### Raw data
§
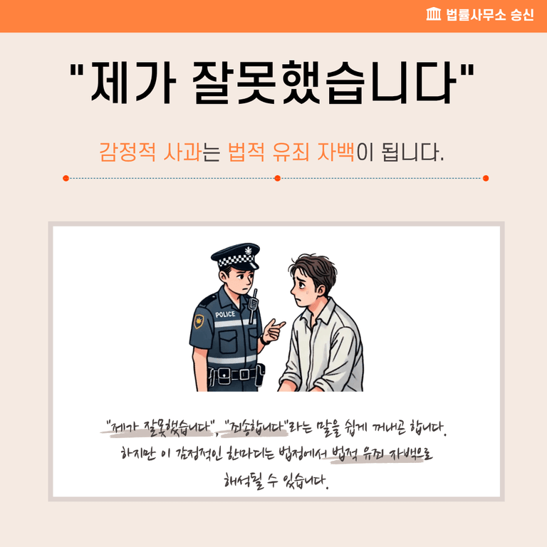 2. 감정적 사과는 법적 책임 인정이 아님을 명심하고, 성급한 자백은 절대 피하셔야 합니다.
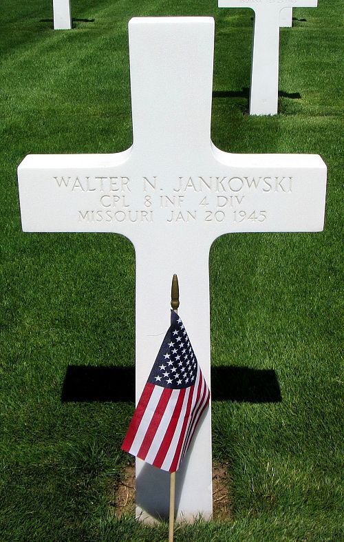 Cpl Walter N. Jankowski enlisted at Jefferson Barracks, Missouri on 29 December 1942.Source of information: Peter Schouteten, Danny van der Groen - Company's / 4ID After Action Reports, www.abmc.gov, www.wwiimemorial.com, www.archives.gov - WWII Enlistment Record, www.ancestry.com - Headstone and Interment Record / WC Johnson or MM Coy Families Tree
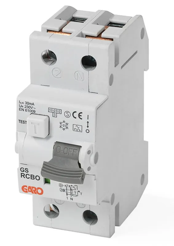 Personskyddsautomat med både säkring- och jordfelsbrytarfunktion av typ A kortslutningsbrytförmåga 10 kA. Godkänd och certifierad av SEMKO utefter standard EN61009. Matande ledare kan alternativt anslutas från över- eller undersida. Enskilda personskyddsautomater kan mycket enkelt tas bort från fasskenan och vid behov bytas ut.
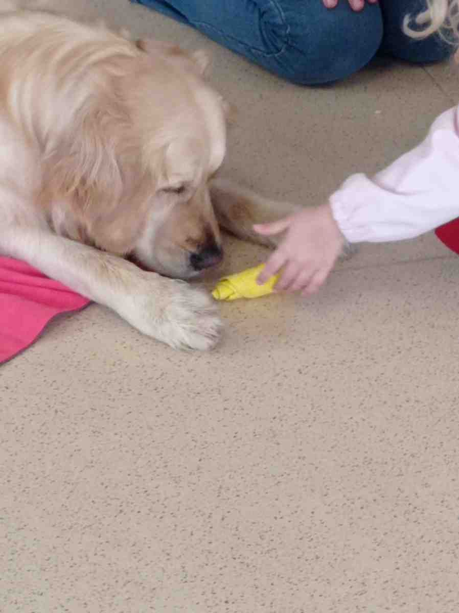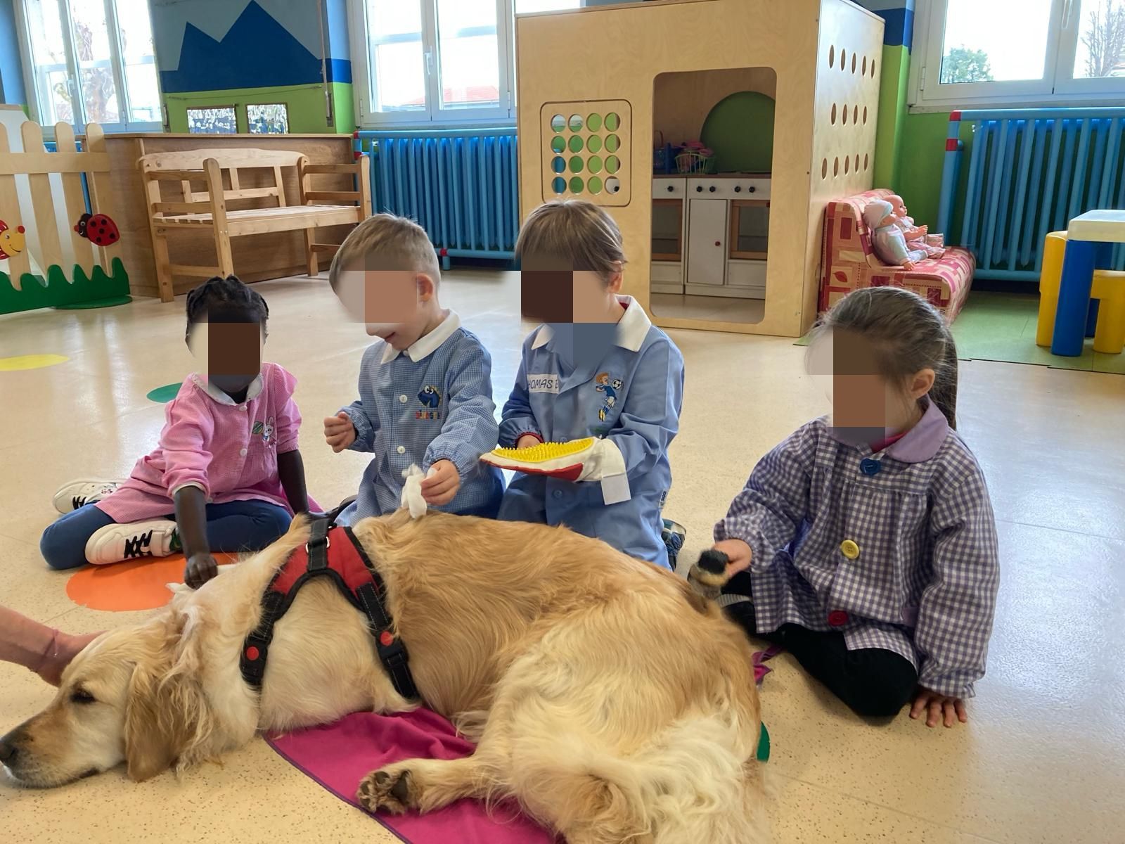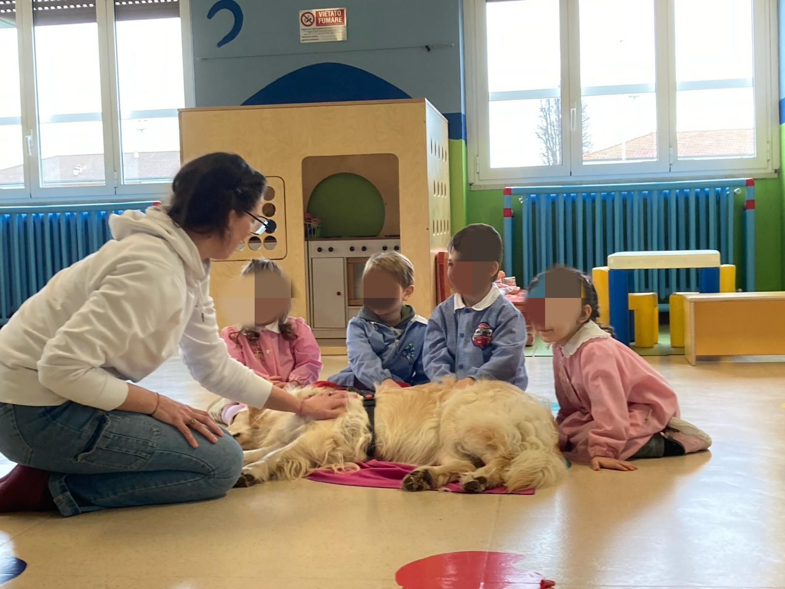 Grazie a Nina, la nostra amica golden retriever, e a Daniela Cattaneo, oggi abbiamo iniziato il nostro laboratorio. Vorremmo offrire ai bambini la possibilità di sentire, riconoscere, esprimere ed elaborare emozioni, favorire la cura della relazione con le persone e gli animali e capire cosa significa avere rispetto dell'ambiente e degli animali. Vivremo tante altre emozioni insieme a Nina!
§
### Problem statement
Excluding images, output exactly the lines from the one that holds "Personskyddsautomat med både" through the final line of the material, both ends included.

### Response
 Personskyddsautomat med både säkring- och jordfelsbrytarfunktion av typ A kortslutningsbrytförmåga 10 kA. Godkänd och certifierad av SEMKO utefter standard EN61009. Matande ledare kan alternativt anslutas från över- eller undersida. Enskilda personskyddsautomater kan mycket enkelt tas bort från fasskenan och vid behov bytas ut.
 Grazie a Nina, la nostra amica golden retriever, e a Daniela Cattaneo, oggi abbiamo iniziato il nostro laboratorio. Vorremmo offrire ai bambini la possibilità di sentire, riconoscere, esprimere ed elaborare emozioni, favorire la cura della relazione con le persone e gli animali e capire cosa significa avere rispetto dell'ambiente e degli animali. Vivremo tante altre emozioni insieme a Nina!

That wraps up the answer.